● Dataset excerpts
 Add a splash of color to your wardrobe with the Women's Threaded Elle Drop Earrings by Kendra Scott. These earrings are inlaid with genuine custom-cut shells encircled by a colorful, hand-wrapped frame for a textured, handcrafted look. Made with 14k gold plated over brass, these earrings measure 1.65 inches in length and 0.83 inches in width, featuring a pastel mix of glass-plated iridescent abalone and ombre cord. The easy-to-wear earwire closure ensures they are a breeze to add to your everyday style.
* * *
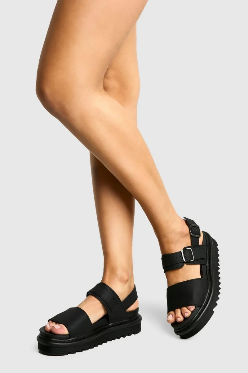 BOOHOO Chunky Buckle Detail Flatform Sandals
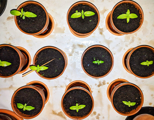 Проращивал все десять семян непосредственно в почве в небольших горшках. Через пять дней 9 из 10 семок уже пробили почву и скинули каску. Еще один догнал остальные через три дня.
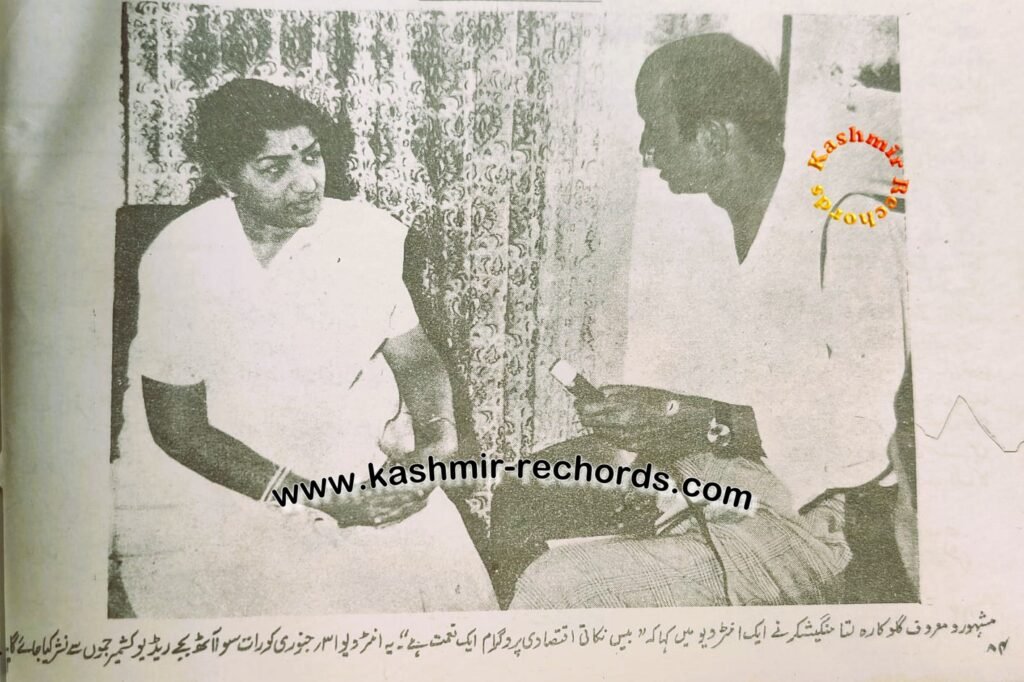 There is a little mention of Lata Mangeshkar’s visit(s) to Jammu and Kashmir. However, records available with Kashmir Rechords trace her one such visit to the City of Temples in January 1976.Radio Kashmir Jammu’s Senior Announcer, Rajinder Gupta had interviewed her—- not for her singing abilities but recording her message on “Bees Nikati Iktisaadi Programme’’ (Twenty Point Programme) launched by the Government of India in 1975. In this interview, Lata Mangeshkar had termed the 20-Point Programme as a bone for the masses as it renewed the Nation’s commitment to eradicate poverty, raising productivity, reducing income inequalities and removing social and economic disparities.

● What this task involves
Taking the entries above, copy word for word the lines from the one with "BOOHOO Chunky Buckle Detail Flatform Sandals" up to and including the one with "Проращивал все десять", without any picture.

● Answer section
 BOOHOO Chunky Buckle Detail Flatform Sandals
 Проращивал все десять семян непосредственно в почве в небольших горшках. Через пять дней 9 из 10 семок уже пробили почву и скинули каску. Еще один догнал остальные через три дня.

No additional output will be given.